The ability to take those silos of information that are in healthcare, that's our core competency. Imaging at RSNA is one silo of data -- typically in [picture archiving and communication systems] that you see throughout the floor. Medical imaging, while important and a critical piece of healthcare, is just a piece. It's an important piece, but the clinical records are equally important, to get that electronic healthcare record phenotype together with the imaging phenotype … all of those traditionally are in different silos. What we do at Google -- our core competency is to manage that data. We will break those silos down and bring it to a common platform so we can bring value to patients.

AI is a major theme here at RSNA 2018. How is Google Cloud using AI? And what is driving the trend of AI in healthcare?

Moore: We've made massive investments in machine learning and AI. We are an AI-first company. … We have offerings like AutoML -- auto machine learning tools -- where, for instance, a healthcare system or an education institution wouldn't need to have a whole team of data scientists and hundreds of engineers to develop [machine learning] products.

We are at an interesting point of time -- the intersection of data availability that our partners and customers are creating with higher resolution machines and imaging systems, and we have now the availability of very powerful compute. What we're bringing to them are these [machine learning] algorithms and the compute space so they can gain meaningful insights from that data for their customers and their partners. We're providing them that platform and infrastructure.

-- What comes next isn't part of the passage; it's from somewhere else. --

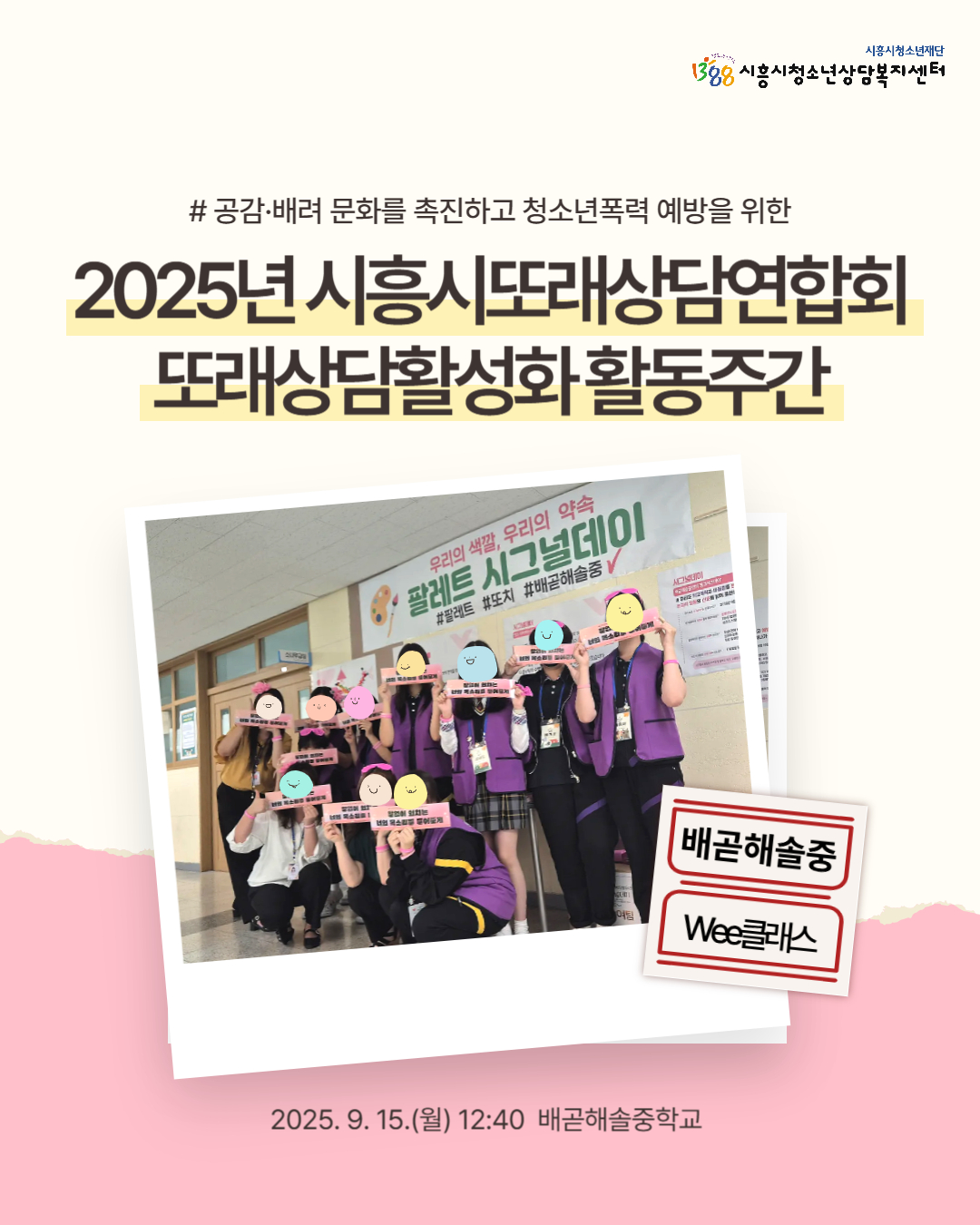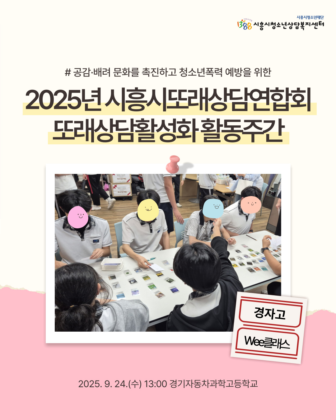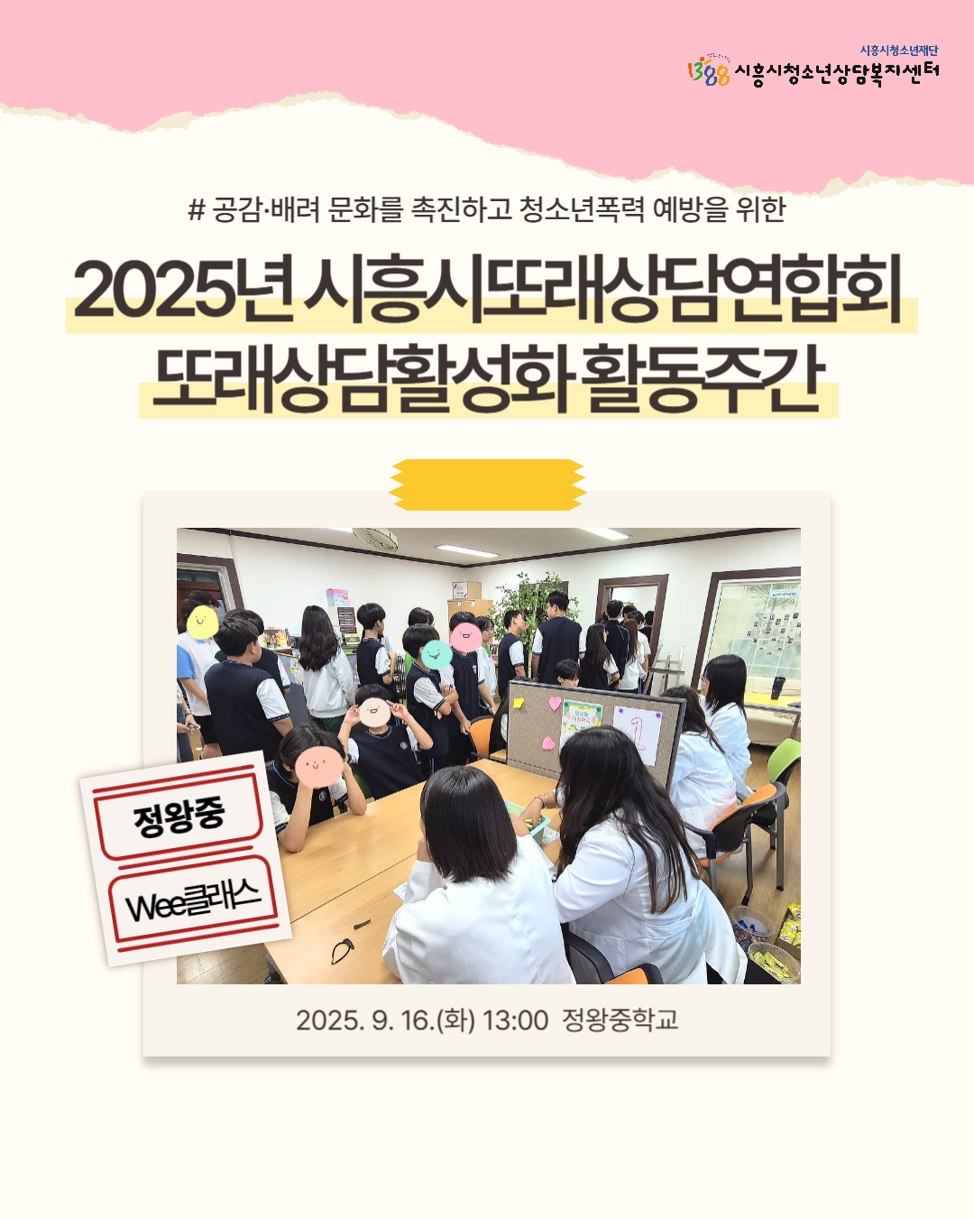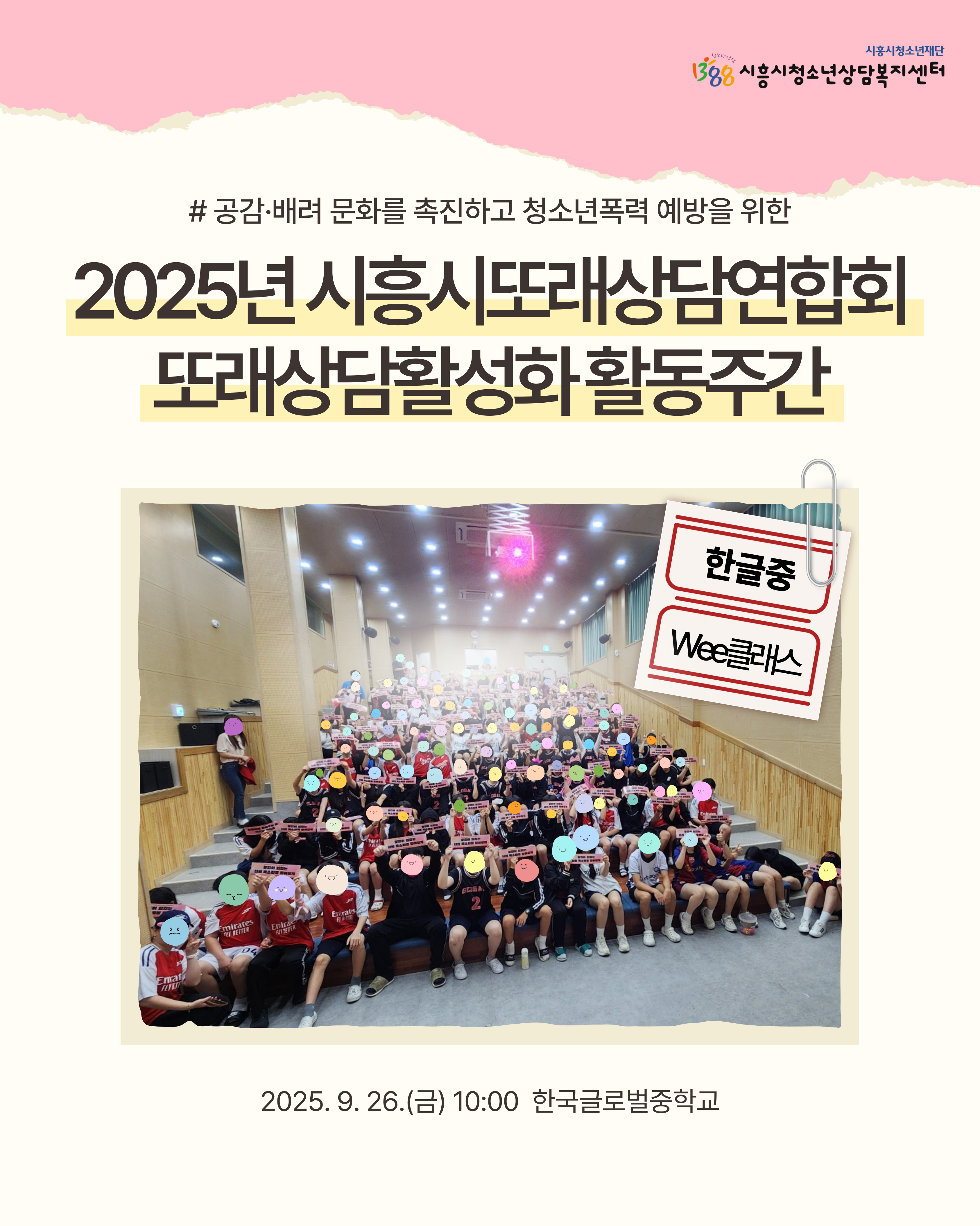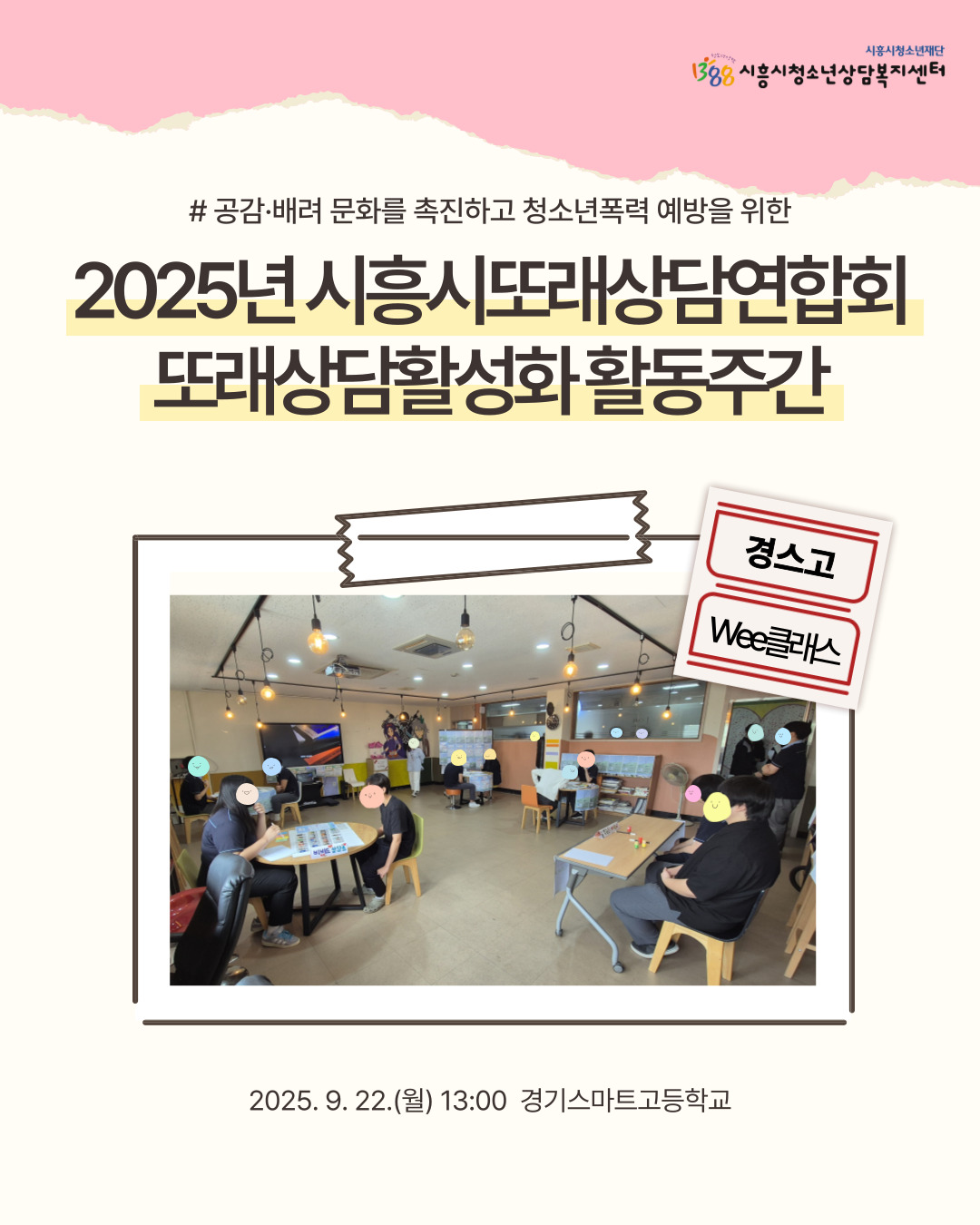 사이트 전체메뉴 시설소개 인사말 기관연혁 비전 및 미션 함께하는 사람들 시설이용안내 영상정보처리기기 오시는길 사업소개 개인상담 및 심리검사 청소년1388 청소년안전망 청소년동반자 프로그램 교육프로그램 또래상담활성화사업 미디어 과의존 예방해소사업 온라인상담 사이버 상담신청 신청&대관 통합예약접수 바로가기 흥스(대관시설) 바로가기 알림마당 공지사항 채용정보 활동소식 보도자료

What will be big for Google Cloud next year?

Moore: We are seeing this explosion of data, and that creates tremendous possibilities for companies in this space that partner with us to gain great insights from that data for patients.

It's a conversion of data plus powerful compute, and, in 2019, I see those two large drivers coming together. I see this becoming incorporated into workflows to create accessibility to healthcare, to create safety, to create security going forward. I see that becoming operationalized -- and much more quickly than anyone realized. That sort of happened overnight with your mail and photos and your texting.

I think what you'll see is these great assists, likely not in diagnostics since it's got to go through a routine regulatory pathway, but in the routine workflows of doctors every day, whether that's dictating notes or documenting a patient interaction or scheduling patients or predicting no shows and making sure people get to their appointments, even the back office and billing. I think that's where you'll see first deep integrations in the workflow. Some of these things that are part of running the pieces of healthcare; I think that's what you're going to see widely adopted in the coming year.

What challenges can Google address in healthcare? And what about opportunities for the company?

Moore: My thought is that we can disrupt without being disruptive. We don't want to be disruptive to the patient experience. We don't want to be disruptive to anyone's business. But, certainly, there is vast opportunity for improvement going forward. We know something like 80%, 85% of healthcare transactions are still by fax. Here we are in 2018, almost 2019, and we're having to teach medical students how to use a fax machine. We can do better. Healthcare can do better than that.

I see technology and cloud in general providing an impetus for positive digital transformation in the healthcare space -- to let healthcare focus on its core competencies by providing care for the patients and not have to worry about the IT. Healthcare systems have a lot of IT from everything from call centers and schedulers to back office to their clinical healthcare records, and much of that is stuck in 1970s era. My vision, my hope for positive transformation, is that we give back to healthcare providers, healthcare systems -- the ability to focus on their core competency and let us help them with the technology piece.